Correction: one person does appear to care, and that’s Ewan McGregor, here playing the archetypal heroic knight with relish. He’s such a blast to watch that I almost want him to have his own spin-off, but the energy McGregor brings to his performance underscores just how disengaged his fellow cast members are. One can scarcely blame them; they’re slumming it with some truly wretched material, but McGregor’s working off of the same script as Hoult, McShane, and Tucci, so maybe that’s not much of an excuse. If everyone had been operating on the same level as McGregor, Jack the Giant Slayer could at least have slid by on the strength of engaging acting, but they do nothing more than show up. Like the film itself, their efforts don’t possess an ounce of heart.

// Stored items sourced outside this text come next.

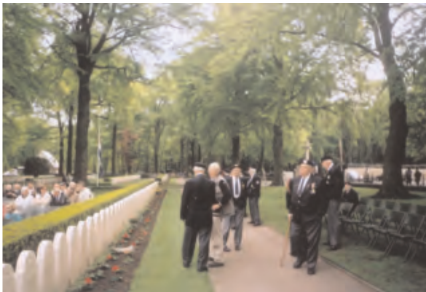
Herdenking gevallen mei 1940, Grebbeberg, 4 mei 2005
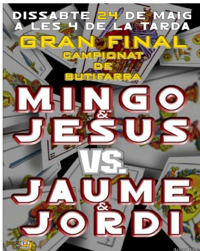
Cartell de la gran final
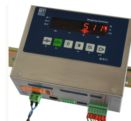
Весовой терминал ID511
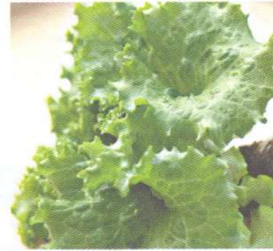
ผักกาดหอม
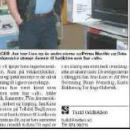
OSINGEN: For kommunene samarbeidet det daglige møtet mandag, på Trossheim, Berg, Viken, Berg og Rinn Rynn.

«Det er positivt å føle seg sett, og det er viktig å ha kontakt med politikerne, sier Rynn.
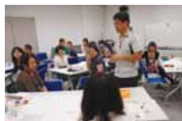
名古屋NGOセンターが実施する研修の一コマ。ワークショップを通じて皆でアイデア出しや意見交換を行っている。
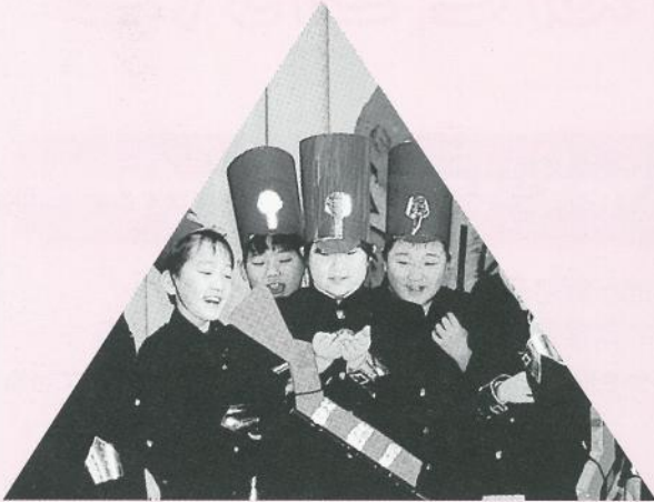
▲「ぞうさんのたまごやき」(劇)〔4年生〕
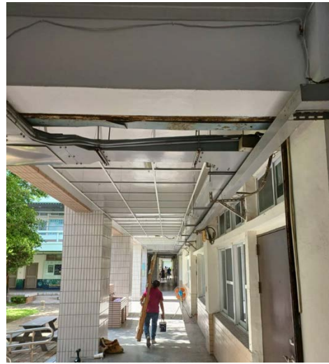
2. 原有天花板與燈具照明更新中
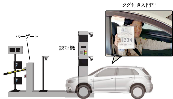
入退門管理システム

今後は、これらシステムのデータを利活用し、お客様がより安全・安心な現場環境を構築するためのソリューションとしてご提案いたします。

Troubling as it is to see gifted performers flounder, it’s even more of a concern to see a movie this soulless. That’s quite possibly Singer’s calling card; even his best films are just exercises in competent craftsmanship, well-considered casting choice, and impressive attention to detail. So one could argue that Jack the Giant Slayer offers exactly what we’ve come to expect from Singer films, though that doesn’t necessarily make it right, or honest for that matter. Even Valkyrie doesn’t pretend to offer anything more than one hundred and twenty minutes of empty entertainment; Jack the Giant Slayer, on the other hand, wants to trick audiences into forking over their money on opening weekend without giving them anything worth the price of admission (or the loss of two hours) in exchange.

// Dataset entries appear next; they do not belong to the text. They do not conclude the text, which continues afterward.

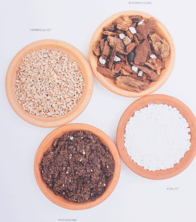
EPIPHEMNUM AUREUM 'PEARLS EN JADE'

Om gezond te blijven hebben je kamerplanten af en toe extra voeding nodig. Het is belangrijk te weten dat kamerplantengrond doorgaans voldoende voedingsstoffen bevat voor de eerste zes maanden na het verpotten. Daarna heeft de plant voeding nodig om mooi te blijven en goed te blijven groeien. Er zijn verschillende soorten kamerplantenvoeding, met name vloeibaar en in korrelvorm. Volg de instructies op de verpakking. Te veel voeding kan de planten schade toebrengen (bladverlies en verbranding). Gebruik de voeding niet bij ongezonde of heel jonge planten, of in de rustfase (herfst/winter). Algemeen geldt: hoe groter de plant en hoe sneller hij groeit, hoe meer voedingsstoffen hij nodig heeft. Dien het voedsel toe in lente en zomer, tijdens de actieve groeiperiode. Hoe vaak? Dat geven we aan per plant bij de plantprofielen.
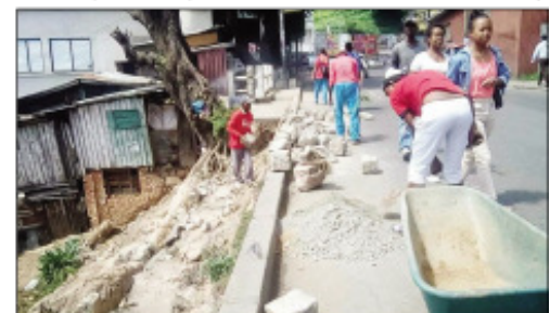
Ny fanamboarana sisindalana nataon'ny CUA tetsy Antsahabe.
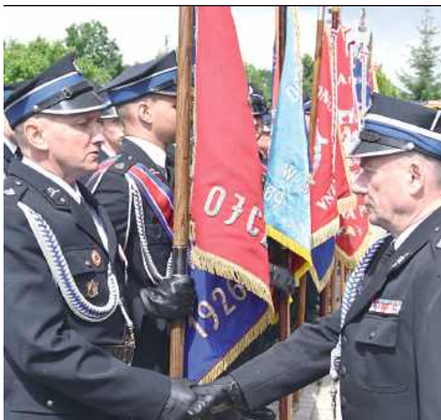
Zasłużonym strażakom wręczono okolicznościowe odznaczenia
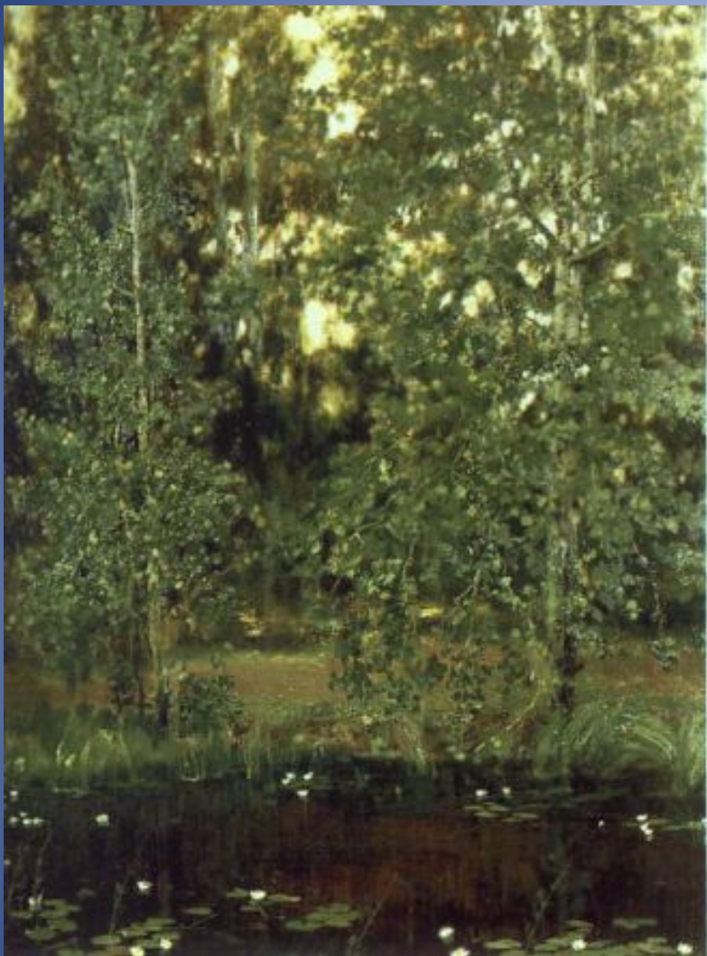
Пруд в Ахтырке 1880г, холст, масло, Государственная Третьяковская галерея, Москва.
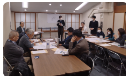
駒込地区防災まちづくりの会の様子

本年度の防災まちづくりの会では、設計内容の確認と意見交換を行いました。また、地域の皆さまに長く親しまれる広場となるよう、呼びやすく愛着の持てる愛称についてアンケートを実施しました。
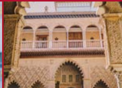
Programa de Arte, Literatura e Historia
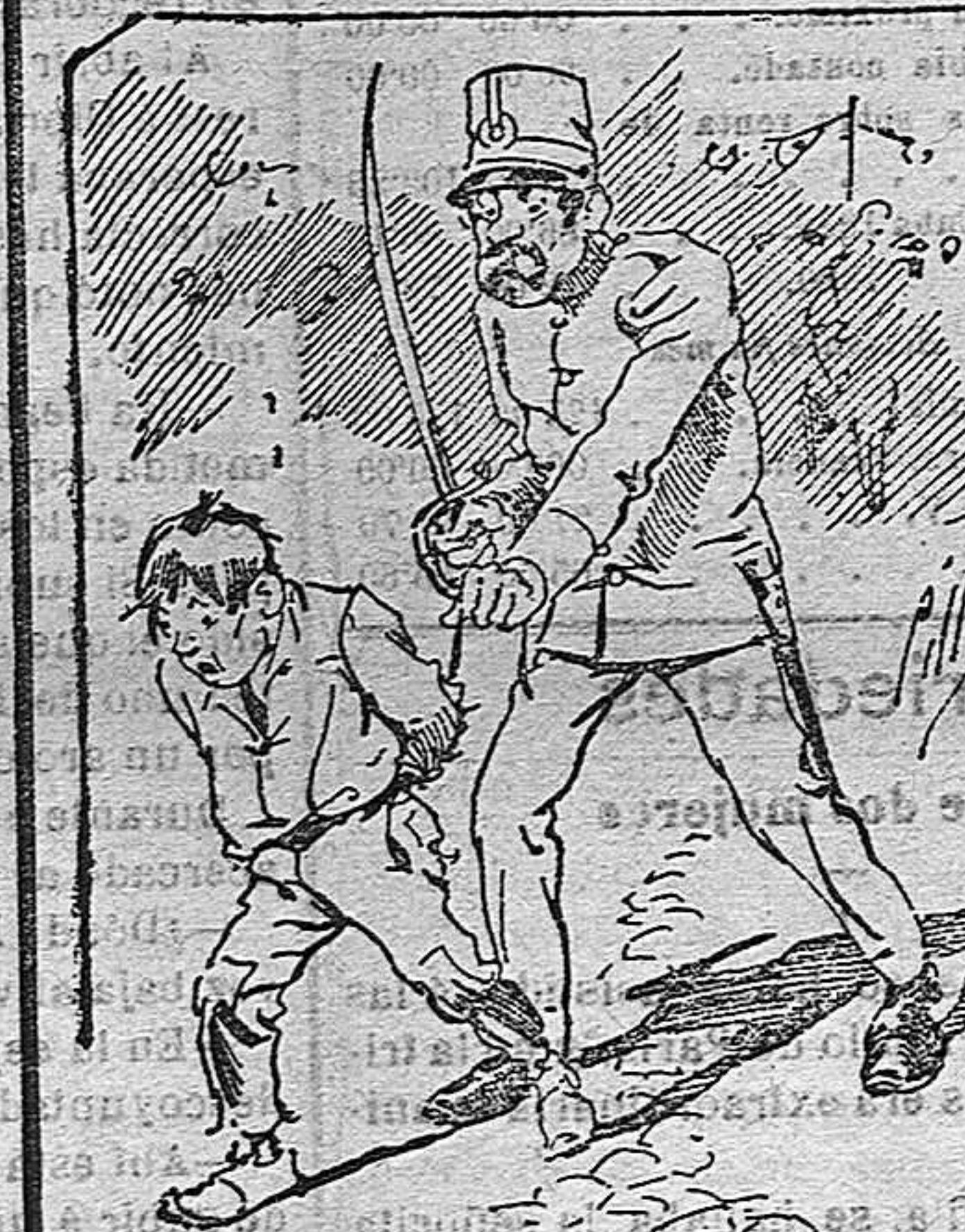
Tratamientos de la policia á nuestros vendedores, cuando el número pica....

También puede pedirse LA AVISPA y el CATALOGO RESERVADO en casa de nuestros corresponsales autorizados, si no se quiere escribir á la Administración

Perhaps the problem is that Singer’s just nicking from bigger, better films, aiming for the Lord of the Rings crowd by cribbing directly from Return of the King. He might well be actively trying to pull in a core audience of Jackson fanatics– the scenes that take place in the land of the giants feel very much like a riff on Jackson’s King Kong– though there’s a pretty strong hint of Guillermo Del Toro’s Hellboy 2 at play, as well. Maybe that doesn’t matter; it’s unlikely the kids in the audience would catch the Del Toro nods or possibly even the Rings references. (Note: don’t bring the kids. Jack the Giant Slayer isn’t graphic, but even an outline of a giant biting a person in half could be upsetting to little audience members.)
G-S-T RULING:
But Singer doesn’t realize that this sort of “homage” accomplishes nothing without a basic understanding of what makes those moments work in their respective films, other than to remind us that we could be watching better movies instead. Jack the Giant Slayer doesn’t have a reason to exist; it’s cheap, ugly spectacle for cheap, ugly spectacle’s sake, and a massive waste of its considerable talent pool. 2012 showed off just how good a genuine blockbuster can be, and Singer’s efforts don’t come within a hair’s breadth of any of them. Fee, fi, fo, forget about it.
2 Comments
Dan O'Neill
Good review. I had a bunch of fun with this movie and didn’t really expect much from it, which is probably why I came out with such a wide grin on my face. Who knows though. Not everyone is going to love it.
Andrew Crump
Outside of McGregor, I couldn’t find a single thing to admire about this thing. It’s as much a formulaic Disney movie as one could possibly expect, and Singer doesn’t have a single original thought in his whole body. He’s a fine craftsman but I don’t see anything in his work that elevates it, this is a prime example.